Each searcher was asked to use the features of the respective interfaces to
select as relevant those documents that they considered to relevant to one or
more aspects of the specific topic.
The pooled results for all systems were
evaluated at NIST by the TREC evaluators and “Aspectual Precision” and
“Aspectual Recall” for each searcher was calculated. Table 1 shows the values
for Aspectual Precision and Recall by TREC topic for the two Berkeley systems
(“C” and “Z”, the Cheshire II system and ZPRISE systems respectively) are shown
in boldface in Tables 1 and 2. The control system “Z” performed considerably
better than the experimental system in terms of the Aspectual Precision and
noticeably better in terms of Aspectual recall. Needless to say, this is a
disappointing result, and our analysis has yet to reveal any obvious reason for
the discrepancy. We believe that the difference may be due to the more complex
interactions required to perform the search tasks on the generic Cheshire II
interface than on the ZPRISE system, certainly the comments of participants on
the questionnaires indicated that most of them preferred

the
ZPRISE system.
In the following section we will examine the
characteristics of the searchers as reported in the questionnaires administered
during the experiments. Figure 3 summarizes the average aspectual precision and
recall for each of the systems participating in the TREC-7 Interactive Track.

The
administration of the interactive track followed the track guidelines with a
single group of 12 participants. While only one of the participants had used
either the experimental (Cheshire II) or control (ZPRISE) systems in searching
tasks, some had seen demonstrations of the experimental system. The searchers
who participated in the study were volunteers drawn from the School of
Information Management and Systems at UC Berkeley (a call for participation was
sent to all students and faculty at SIMS and the first 12 volunteers were
scheduled for search sessions. A pre-search questionnaire asked each
participant about:
1.
What high
school/college/univerity degrees/diplomas do have (or expect to have)?
2.
What is
your occupation?
3.
What is
your gender?
4.
What is
your age?
5.
Have you
participated in previous TREC searching studies?
6.
Overall how
long have you been doing online searching?
7.
Experience
with using a point-and-click interface (e.g. Windows, Macintosh)
8.
Experience
searching on computerized library catalogs either locally or remotely
9.
Experience
searching on CD-ROM systems
10.
Experience
searching on commercial online systems (BRS afterdark, Dialog, Lexis-Nexis,
etc.)
11.
Experience
searching on the World Wide Web search services (Alta Vista, Excite, Yahoo,
Hotbot, etc.)
12.
Experience
searching on other systems
13.
How often
do you conduct a search on any kind of system
14.
“I enjoy
carrying out information searches”
All of the participants, except one
undergraduate, held college degrees (One held a PhD, Three others were PhD
students with previous undergraduate and graduate degrees, and the remaining
participants were Masters students in the SIMS program).

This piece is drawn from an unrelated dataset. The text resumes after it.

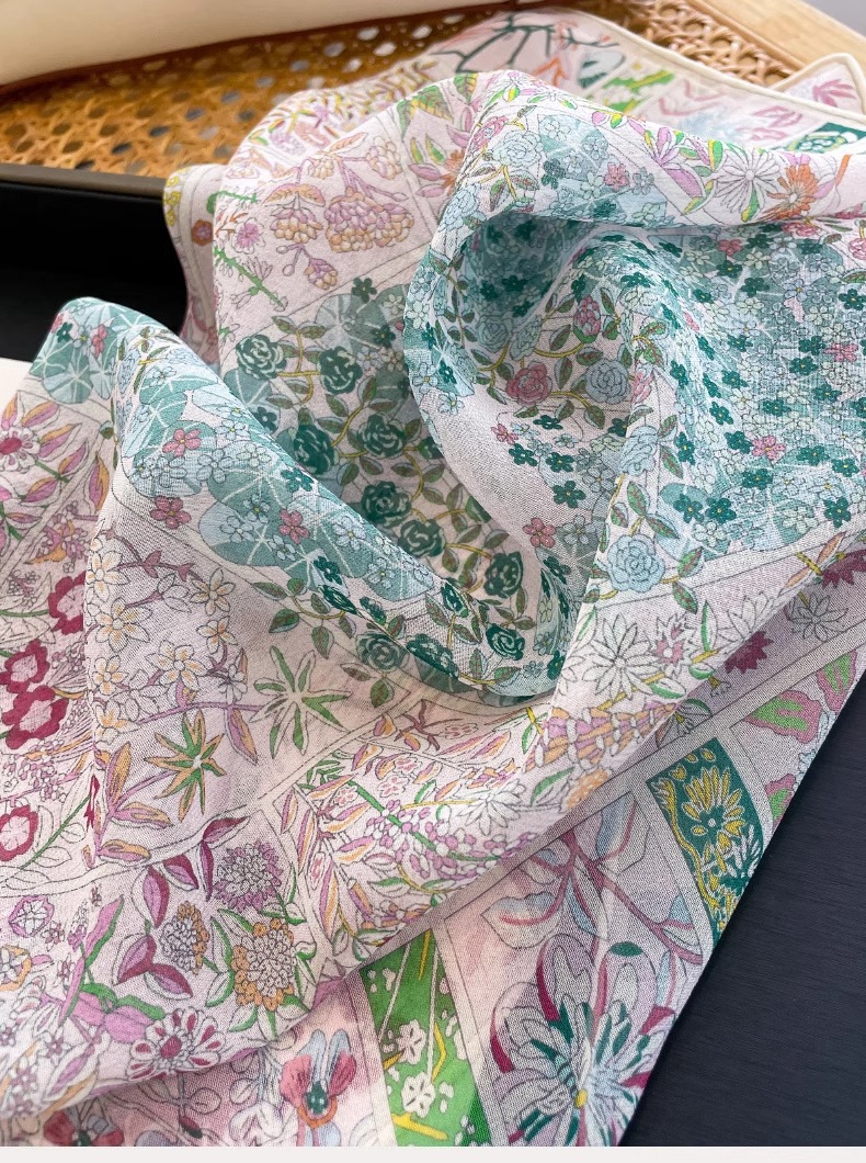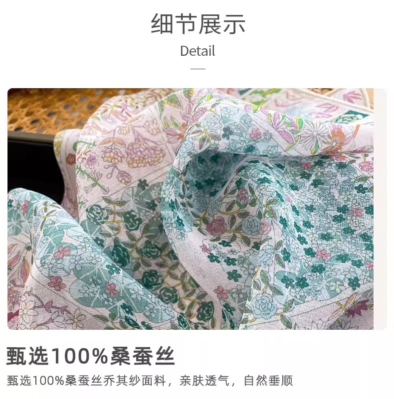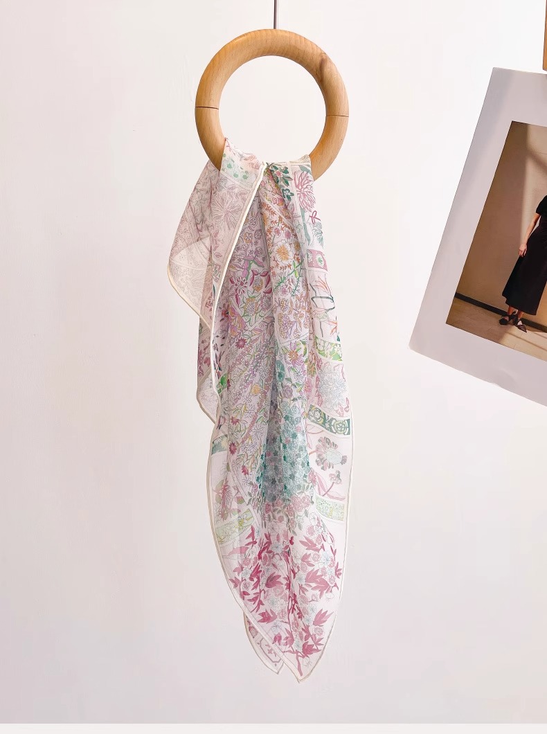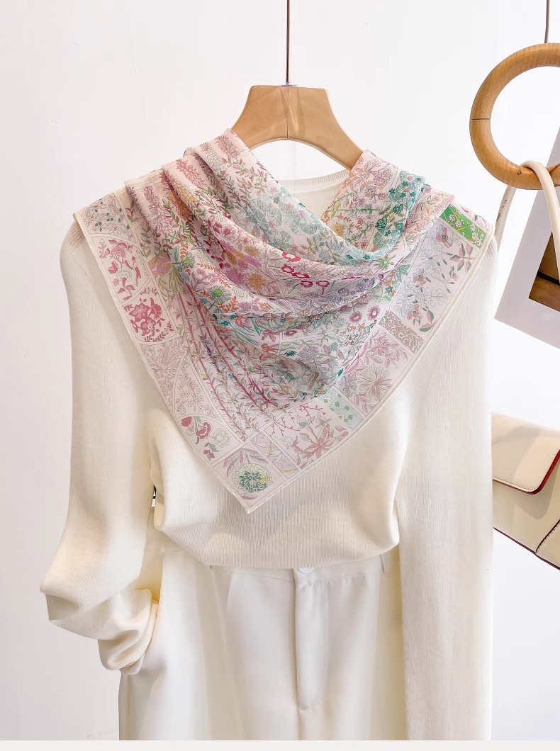 100% 뽕나무 실크 조젯 하트 비트 가든 65 스퀘어 스카프 봄, 가을 여름 여성 패션 얇은 실크 스카프스토어 가기

Three of the
participants (P1, P2, and P3) had over 8 years of experience in online
searching on other systems. As observed last year, once again the most
frequently used search systems were the Web search services and the next most
frequent were online catalogs. It appears that most recent searchers will be
gaining their experience from the WWW and possibly from online library
catalogs, and will probably not have experience (or as much experience) with
traditional Boolean systems such as Dialog.
Following each search the participants were
given a questionnaire asking:
1.
Are you
familiar with this topic
2.
Was it easy
to get started on this search
3.